[Problem]
From the first line to the last, copy the material word for word; pictures stay out.

[Collected data]
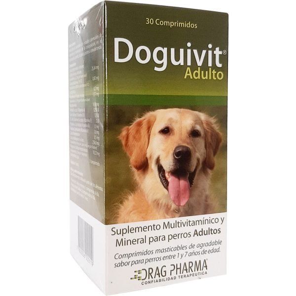 DOGUIVIT ADULTO 30 und MASTICABLES Multivitaminico para perros adultos. Comprimidos masticables de agradable sabor para perros entre 1 y 7 años. 30 comprimidos (DRAG PHARMA). Indicado en animales con estados carenciales de vitaminas y minerales de la composición, en el crecimiento, preñez, lactancia, estrés o convalecencia.
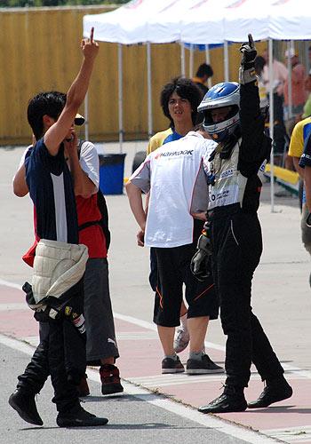 在事故發(fā)生后,韓寒鉆出已經(jīng)面目全非的賽車,用盡全力狠狠地摔了下車門,然后走下賽道。掙扎著駛回賽道的王睿,也在幾圈后遭遇裁判黑旗而退出比賽。當(dāng)王睿將車開(kāi)會(huì)維修區(qū)時(shí),已經(jīng)脫下一半賽服的韓寒,一邊打電話,一邊上前安慰王睿。隨后,兩人非常默契地同時(shí)伸出中指,高高地指向天,并各自轉(zhuǎn)了360度,以便讓現(xiàn)場(chǎng)的更多觀眾和記者看到。此舉立刻引起軒然大波。
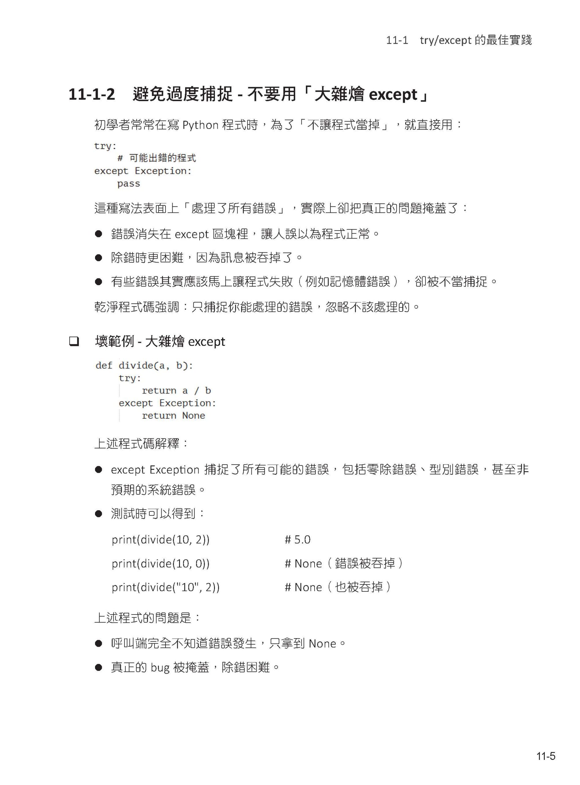 第11章 錯誤處理與例外管理 ▌11-1 try/except 的最佳實踐 11-1-1 try/except/else/finally 基本語法回顧 11-1-2 避免過度捕捉 - 不要用「大雜燴 except」 11-1-3 精準處理 - 捕捉特定例外,而不是所有錯誤 11-1-4 使用 finally 做資源清理 11-1-5 使用 else 區塊分離「正常邏輯」與「例外邏輯」 11-1-6 完整錯誤處理模式實例 ▌11-2 自定義例外的使用場景 11-2-1 什麼時候需要自定義例外? 11-2-2 定義自訂例外類別 11-2-3 加入額外資訊 - 錯誤碼與使用者資訊 11-2-4 專案範例 - 訂單處理系統中的自定義例外 11-2-5 小心過度設計 - 避免建立太多沒意義的例外類別

[Solved exercise]
 DOGUIVIT ADULTO 30 und MASTICABLES Multivitaminico para perros adultos. Comprimidos masticables de agradable sabor para perros entre 1 y 7 años. 30 comprimidos (DRAG PHARMA). Indicado en animales con estados carenciales de vitaminas y minerales de la composición, en el crecimiento, preñez, lactancia, estrés o convalecencia.
 在事故發(fā)生后,韓寒鉆出已經(jīng)面目全非的賽車,用盡全力狠狠地摔了下車門,然后走下賽道。掙扎著駛回賽道的王睿,也在幾圈后遭遇裁判黑旗而退出比賽。當(dāng)王睿將車開(kāi)會(huì)維修區(qū)時(shí),已經(jīng)脫下一半賽服的韓寒,一邊打電話,一邊上前安慰王睿。隨后,兩人非常默契地同時(shí)伸出中指,高高地指向天,并各自轉(zhuǎn)了360度,以便讓現(xiàn)場(chǎng)的更多觀眾和記者看到。此舉立刻引起軒然大波。
 第11章 錯誤處理與例外管理 ▌11-1 try/except 的最佳實踐 11-1-1 try/except/else/finally 基本語法回顧 11-1-2 避免過度捕捉 - 不要用「大雜燴 except」 11-1-3 精準處理 - 捕捉特定例外,而不是所有錯誤 11-1-4 使用 finally 做資源清理 11-1-5 使用 else 區塊分離「正常邏輯」與「例外邏輯」 11-1-6 完整錯誤處理模式實例 ▌11-2 自定義例外的使用場景 11-2-1 什麼時候需要自定義例外? 11-2-2 定義自訂例外類別 11-2-3 加入額外資訊 - 錯誤碼與使用者資訊 11-2-4 專案範例 - 訂單處理系統中的自定義例外 11-2-5 小心過度設計 - 避免建立太多沒意義的例外類別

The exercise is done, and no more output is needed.